=== Task instructions ===
Could you set down exactly the lines of the data below, starting at the one that holds "Himmelsgoldene Sonne und" and ending at the one that holds "Discover elegance redefined", both included, and only those?

(Supplied data begins)

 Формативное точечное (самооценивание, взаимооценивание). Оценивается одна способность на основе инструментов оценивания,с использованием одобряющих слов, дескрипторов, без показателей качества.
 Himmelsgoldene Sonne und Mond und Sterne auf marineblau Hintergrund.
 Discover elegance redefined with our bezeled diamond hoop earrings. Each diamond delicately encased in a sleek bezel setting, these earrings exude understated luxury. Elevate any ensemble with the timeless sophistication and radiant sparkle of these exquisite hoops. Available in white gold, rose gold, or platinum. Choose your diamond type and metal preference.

(Supplied data ends)
(Supplied data begins)

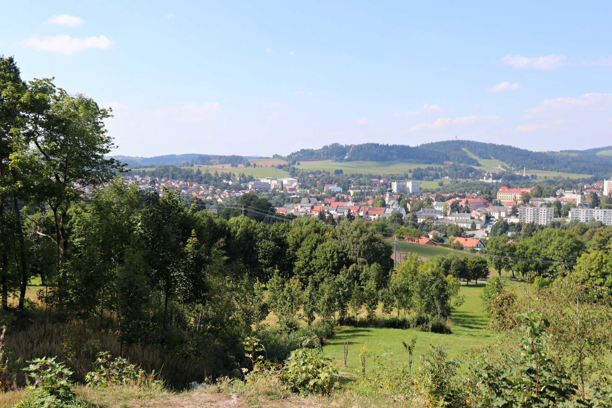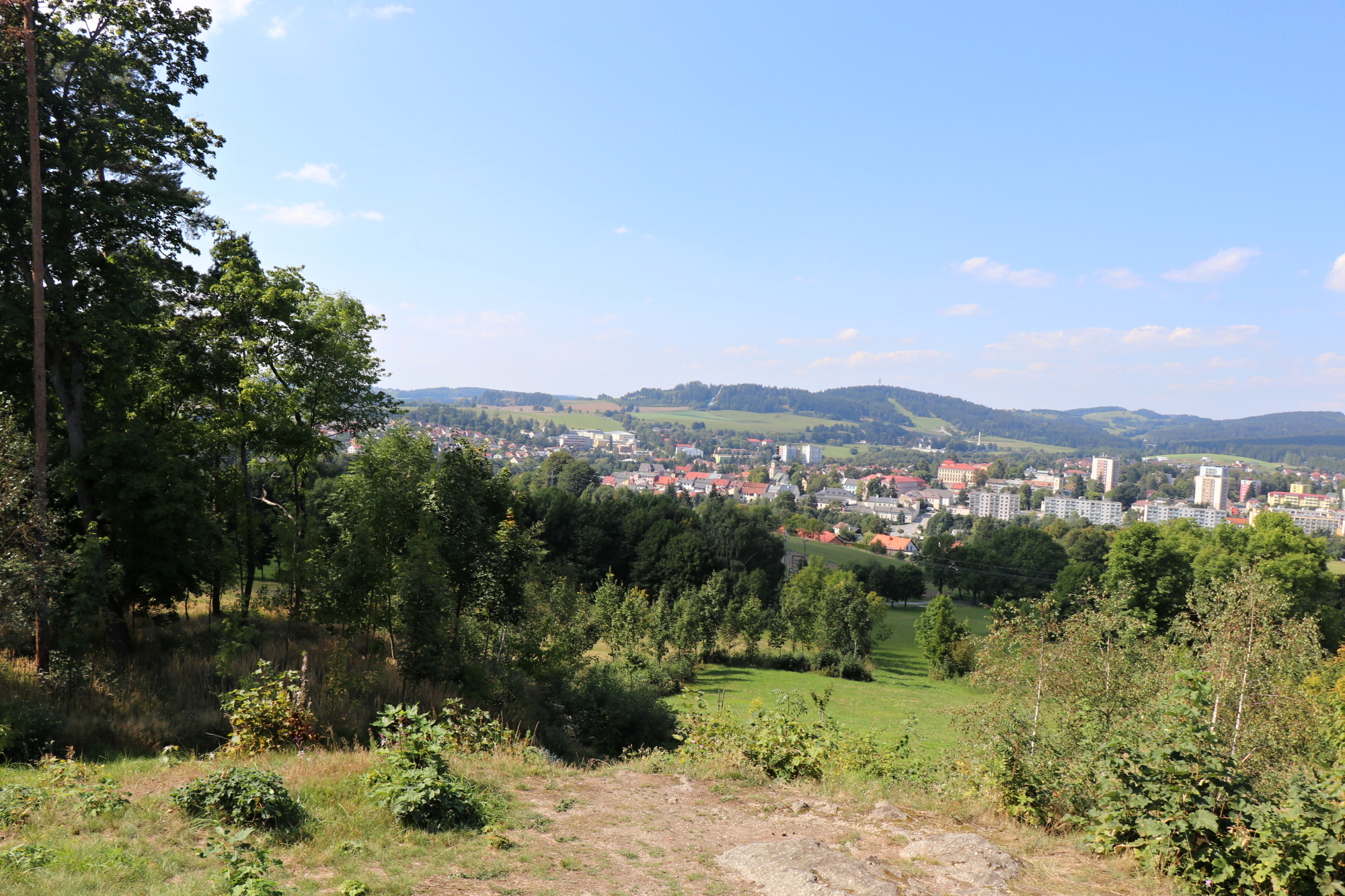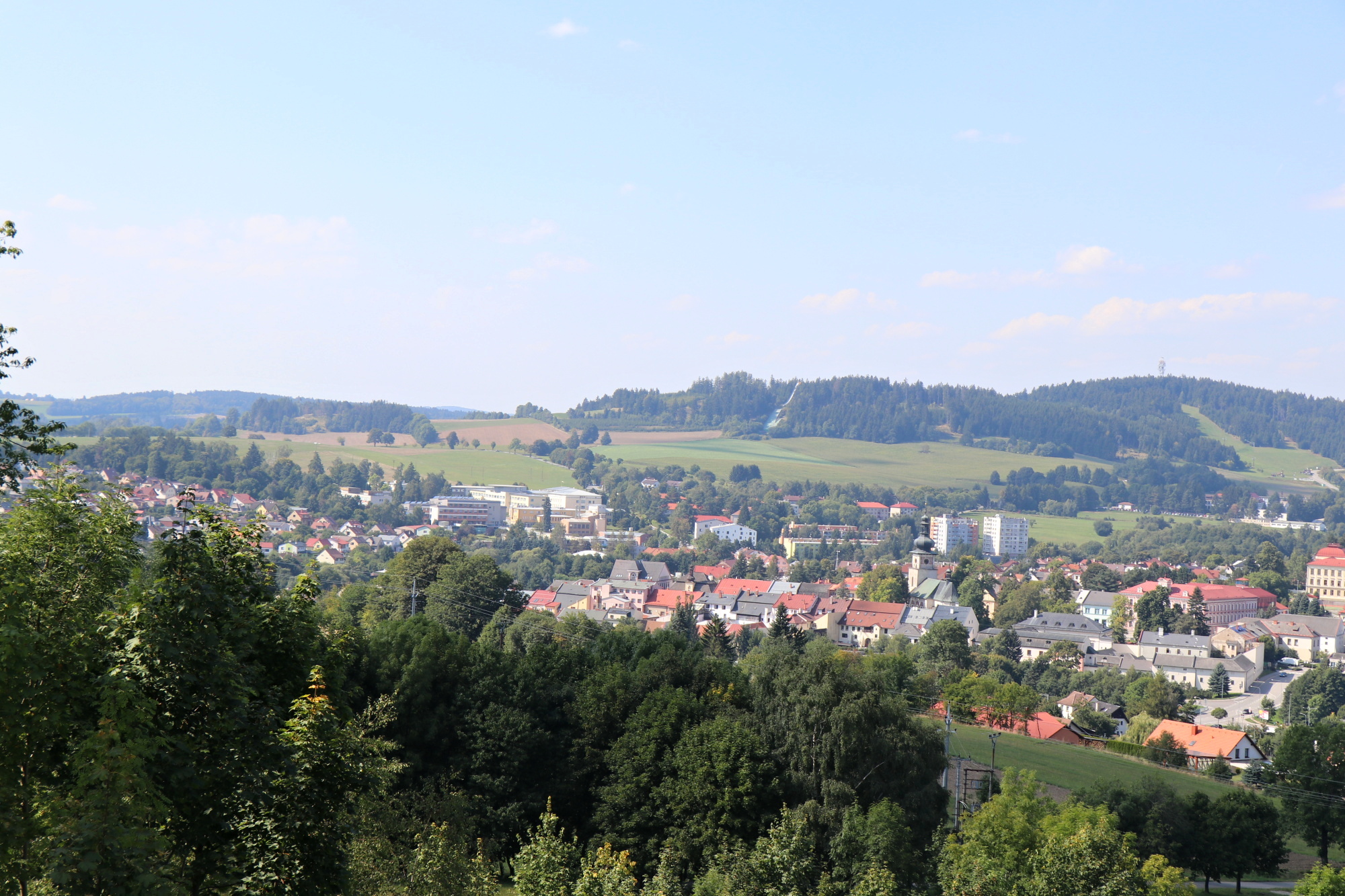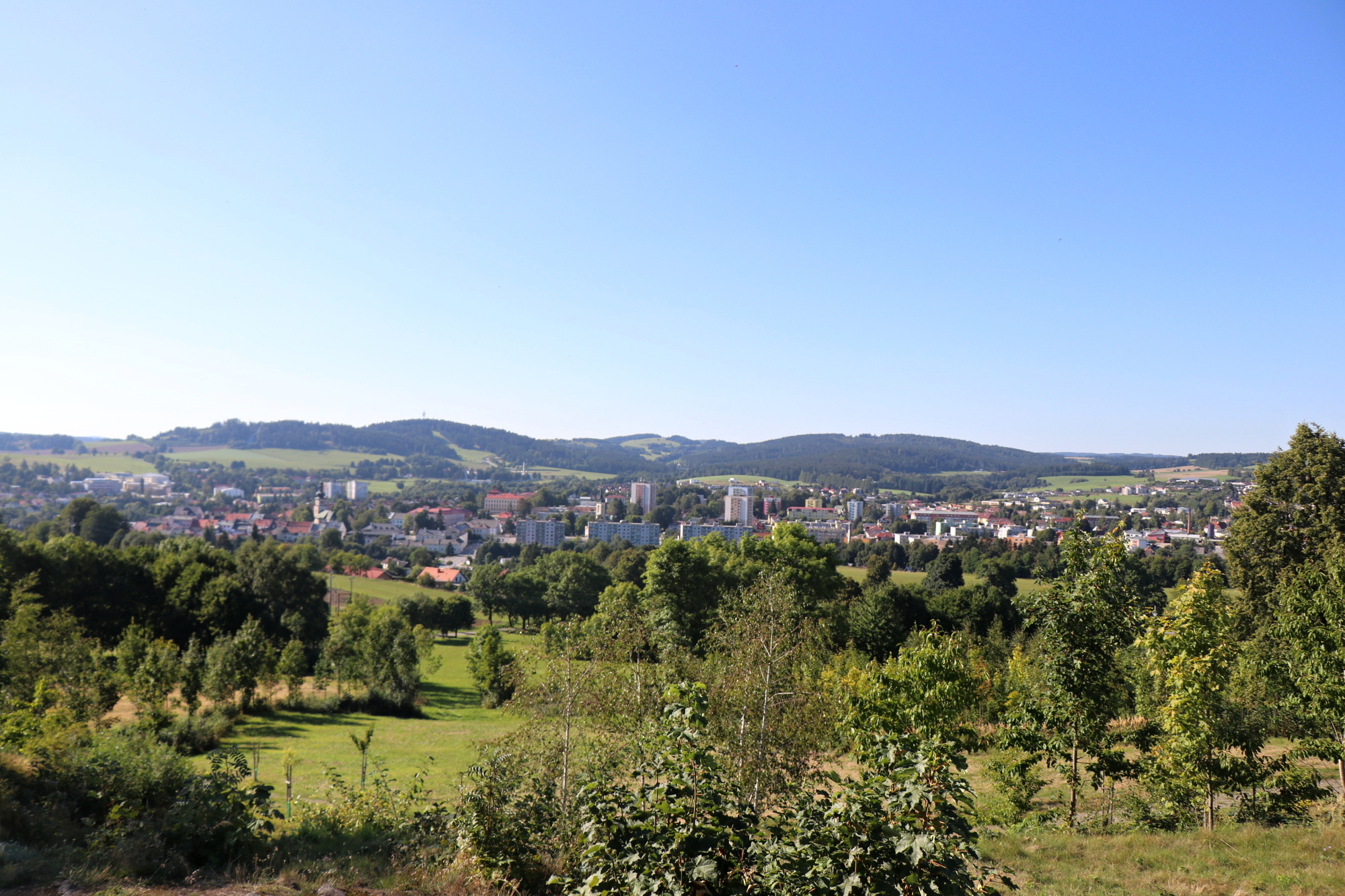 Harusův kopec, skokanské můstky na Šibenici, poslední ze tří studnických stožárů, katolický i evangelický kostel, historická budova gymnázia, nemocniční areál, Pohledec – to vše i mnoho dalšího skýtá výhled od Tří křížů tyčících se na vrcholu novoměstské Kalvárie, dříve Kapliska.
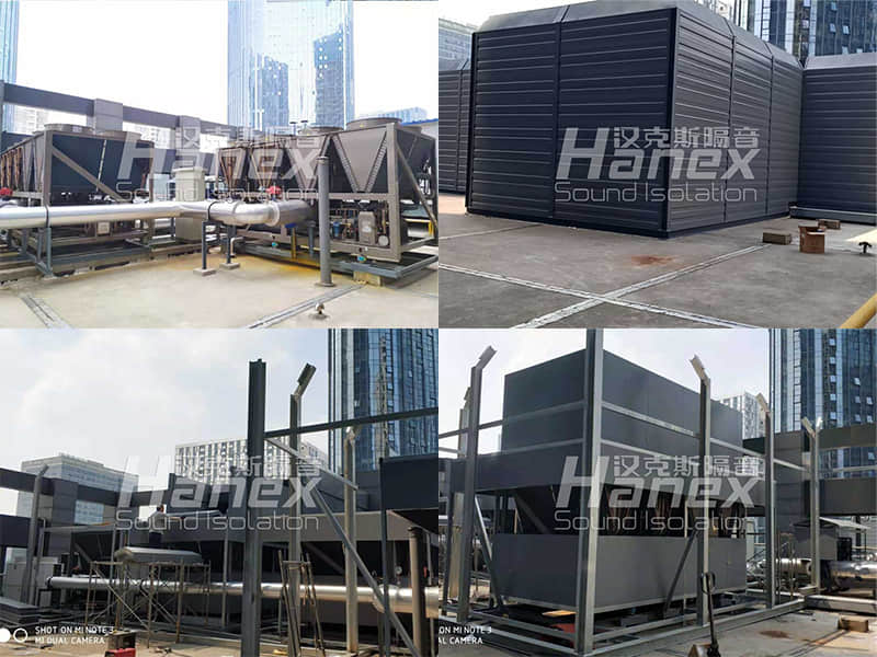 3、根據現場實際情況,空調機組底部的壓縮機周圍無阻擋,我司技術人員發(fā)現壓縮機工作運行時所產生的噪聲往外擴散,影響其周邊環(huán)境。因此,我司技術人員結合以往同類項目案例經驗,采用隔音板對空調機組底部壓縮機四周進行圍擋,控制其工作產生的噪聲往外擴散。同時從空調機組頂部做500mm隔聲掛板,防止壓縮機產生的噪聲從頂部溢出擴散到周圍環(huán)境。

(Supplied data ends)

=== Problem solution ===
 Himmelsgoldene Sonne und Mond und Sterne auf marineblau Hintergrund.
 Discover elegance redefined with our bezeled diamond hoop earrings. Each diamond delicately encased in a sleek bezel setting, these earrings exude understated luxury. Elevate any ensemble with the timeless sophistication and radiant sparkle of these exquisite hoops. Available in white gold, rose gold, or platinum. Choose your diamond type and metal preference.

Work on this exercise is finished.